▸ Recorded data:
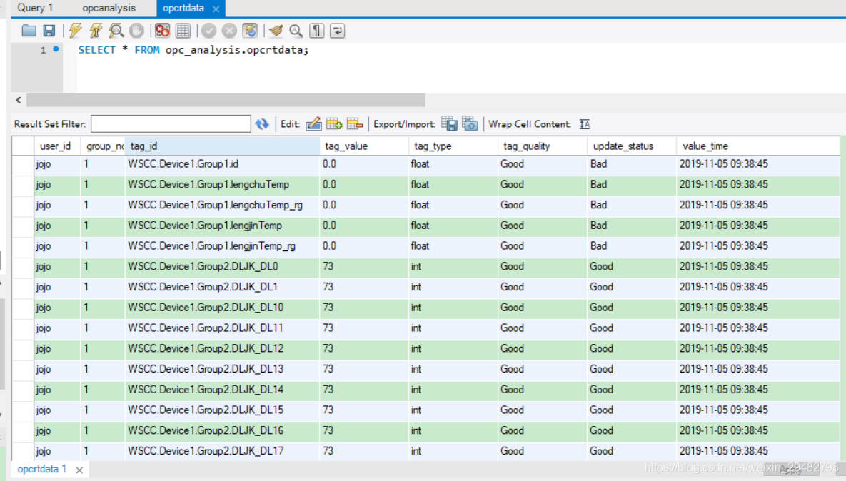 图8 OPC分组实时数据+变化数据到MySQL数据库
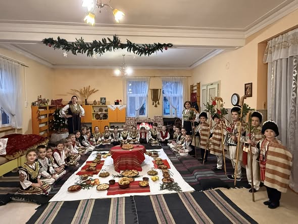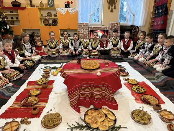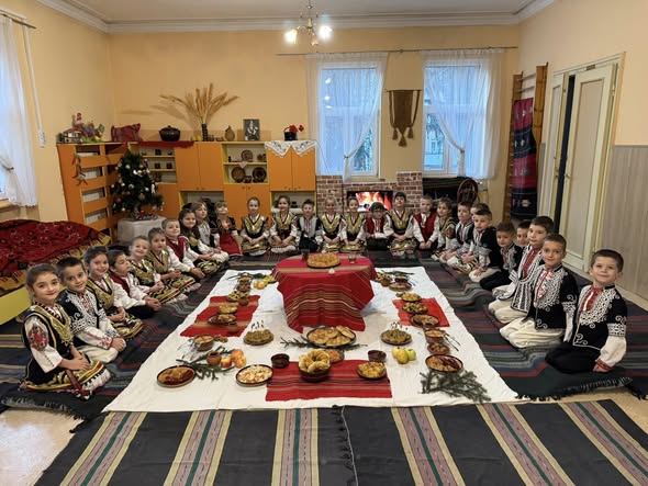” Бъдни вечер, Рождество- туй е мило тържество. Да посрещнем коледари, дето пеят песни стари. Ще ги дарим с много дари, кой с кравайче, кой с парица, а водача с броеница, че обича да се смее и где ходи все си пее!” В група „Калинки“ се проведе вълнуващо тържество, посветено на традиционната вечеря на Бъдни вечер. С много старание и настроение децата пресъздадоха българските обичаи и символиката на този светъл празник. Малките „калинки“ се запознаха със значението на празничната трапеза, традиционните постни ястия и народните вярвания, свързани с Бъдни вечер. Атмосферата беше топла и радостна, носеща истински коледен дух, а изпълненията на децата превърнаха тържеството в празник на българските традиции.
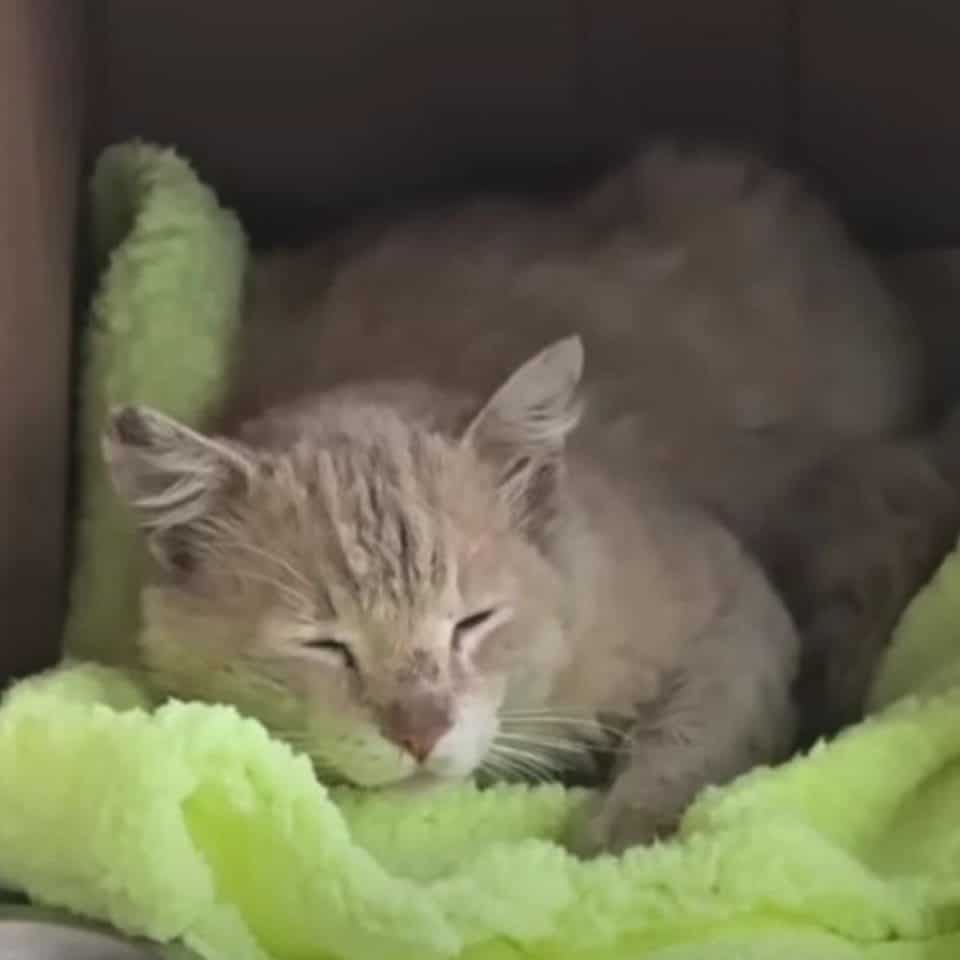 A few weeks later, Raspy arrived with a tiny kitten beside him.

▸ What you are asked to do: Output the complete listing exactly. Pictures stay out.

▸ Written reply:
 图8 OPC分组实时数据+变化数据到MySQL数据库
” Бъдни вечер, Рождество- туй е мило тържество. Да посрещнем коледари, дето пеят песни стари. Ще ги дарим с много дари, кой с кравайче, кой с парица, а водача с броеница, че обича да се смее и где ходи все си пее!” В група „Калинки“ се проведе вълнуващо тържество, посветено на традиционната вечеря на Бъдни вечер. С много старание и настроение децата пресъздадоха българските обичаи и символиката на този светъл празник. Малките „калинки“ се запознаха със значението на празничната трапеза, традиционните постни ястия и народните вярвания, свързани с Бъдни вечер. Атмосферата беше топла и радостна, носеща истински коледен дух, а изпълненията на децата превърнаха тържеството в празник на българските традиции.
 A few weeks later, Raspy arrived with a tiny kitten beside him.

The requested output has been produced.